Photograph by Richmond Lam Photograph by Richmond Lam

In the summer of 1954, a 15-year-old boy named Albert Bensadoun boarded a boat in Morocco. Albert was chaperoning his sister Anne-Janie and her date as they crossed the Mediterranean to France. On this trip, Albert met a girl he fancied, who told him that his name was confusing. There were two other Alberts on board, she said. Why don’t I call you Aldo?

For the Bensadoun family, the boat ride was significant for two reasons: his sister would end up marrying her date, and Albert’s new name stuck. Six years after stepping off that boat, Aldo Bensadoun moved to Montreal and started what would become the largest fashion footwear company in the world.

Today the Aldo Group sells some $1.8 billion worth of shoes a year and has 1,600 stores in 80 countries around the world. As the company celebrates its 40th year in business, the brand commands a virtual lock on the vast (and vastly profitable) middlebrow global fashion footwear market from its Montreal head offices. It has also succeeded where other Canadian companies, from Le Chateau to Canadian Tire, have failed: converting success at home to success abroad.

“They’ve got to pump it out and get it on shelves as quickly as they can.”

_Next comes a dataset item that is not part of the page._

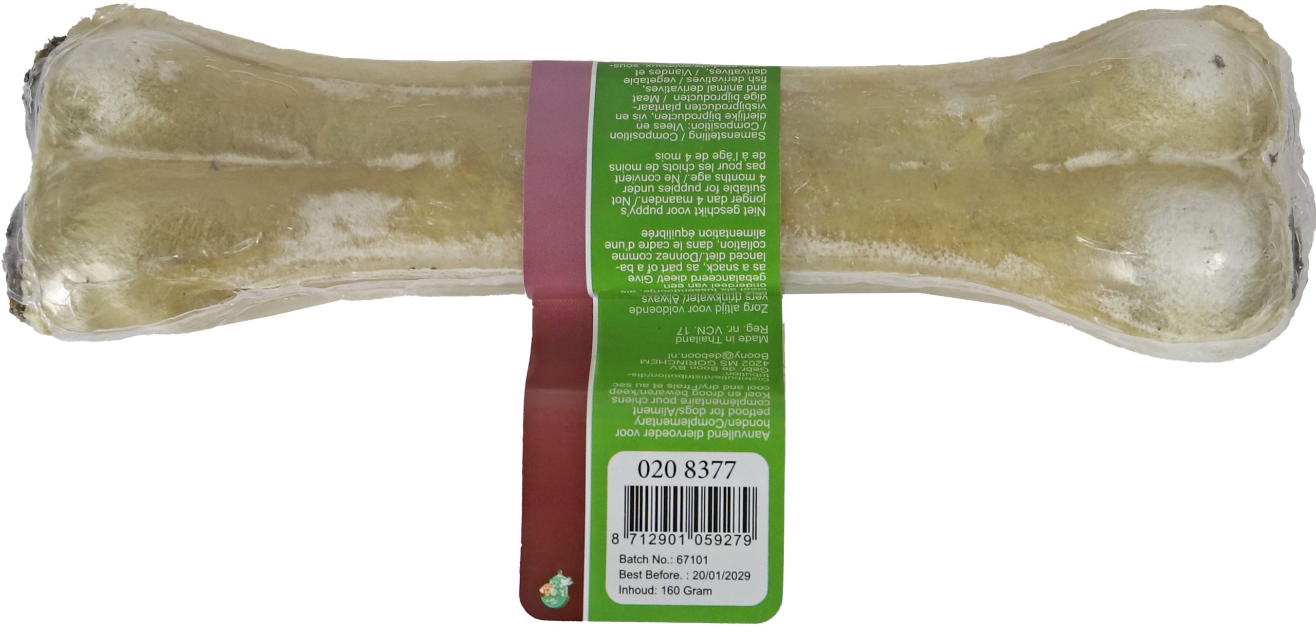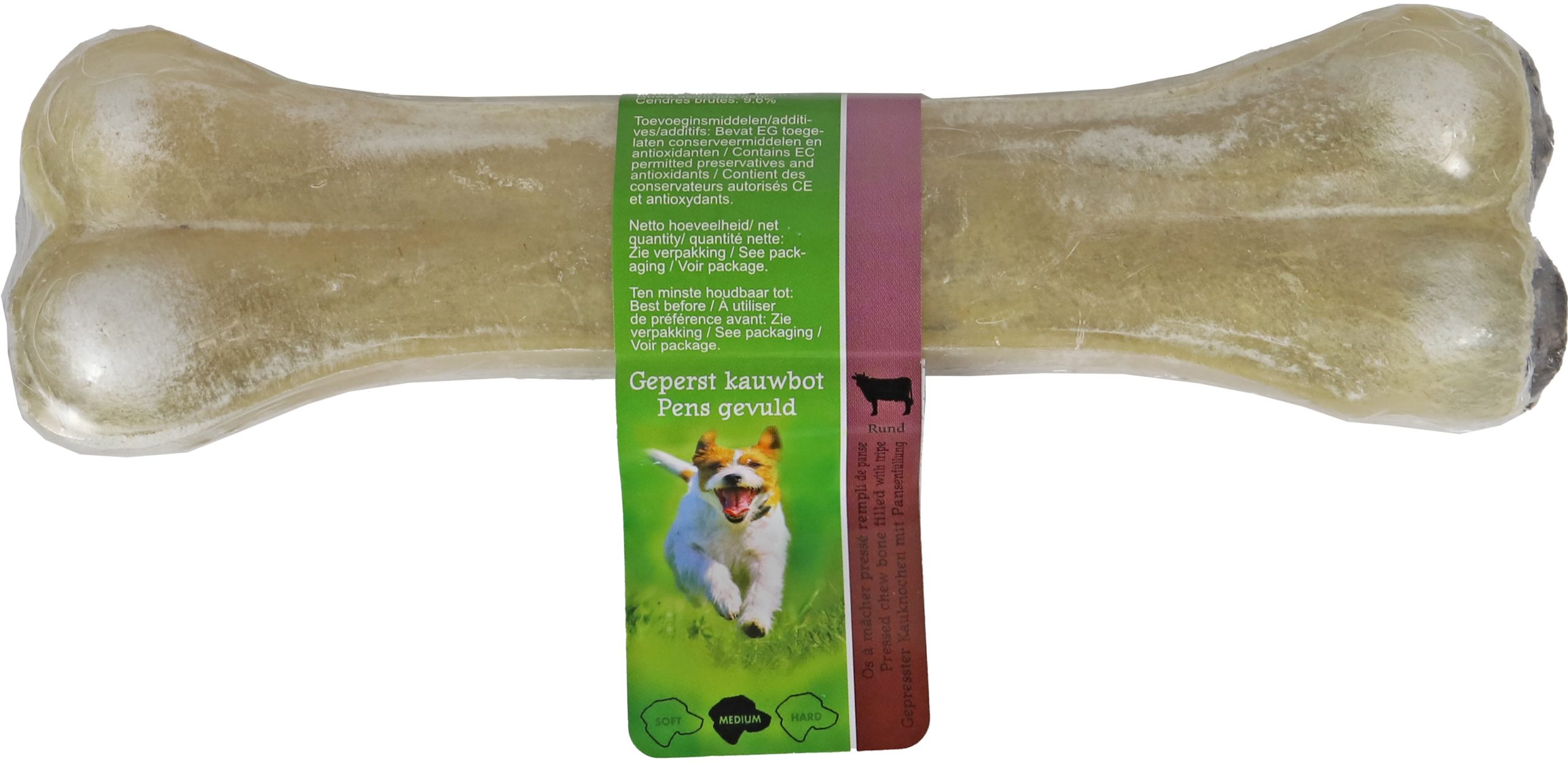 Geperst bot van buffelhuid gevuld met pens. De pensvulling maakt dit bot onweerstaanbaar lekker en de buffelhuid buitenkant zorgt voor extra lang kauwplezier. Thailand A kwaliteit. 100% natuurlijk.

The secret, apart from the vaguely European-sounding name bestowed on Bensadoun, has been the company’s ability to detect and synthesize fashion trends, then distill the results in footwear form faster and at less expense than anyone else. The company then sells its wares through the Aldo brand and Call It Spring, its lower-priced cousin, as well as through its wholesale division to JC Penney and Coles Shoes. “The high-volume fashion industry is all about chasing trends,” says Montrealer Brandon Svarc, owner of the fashion line Naked and Famous Denim. “They’ve got to pump it out and get it on shelves as quickly as they can.” Aldo does just this, and because of its huge number of stores around the globe, the Montreal shoemonger essentially has no rivals anywhere near as big or efficient in what is an otherwise highly competitive industry.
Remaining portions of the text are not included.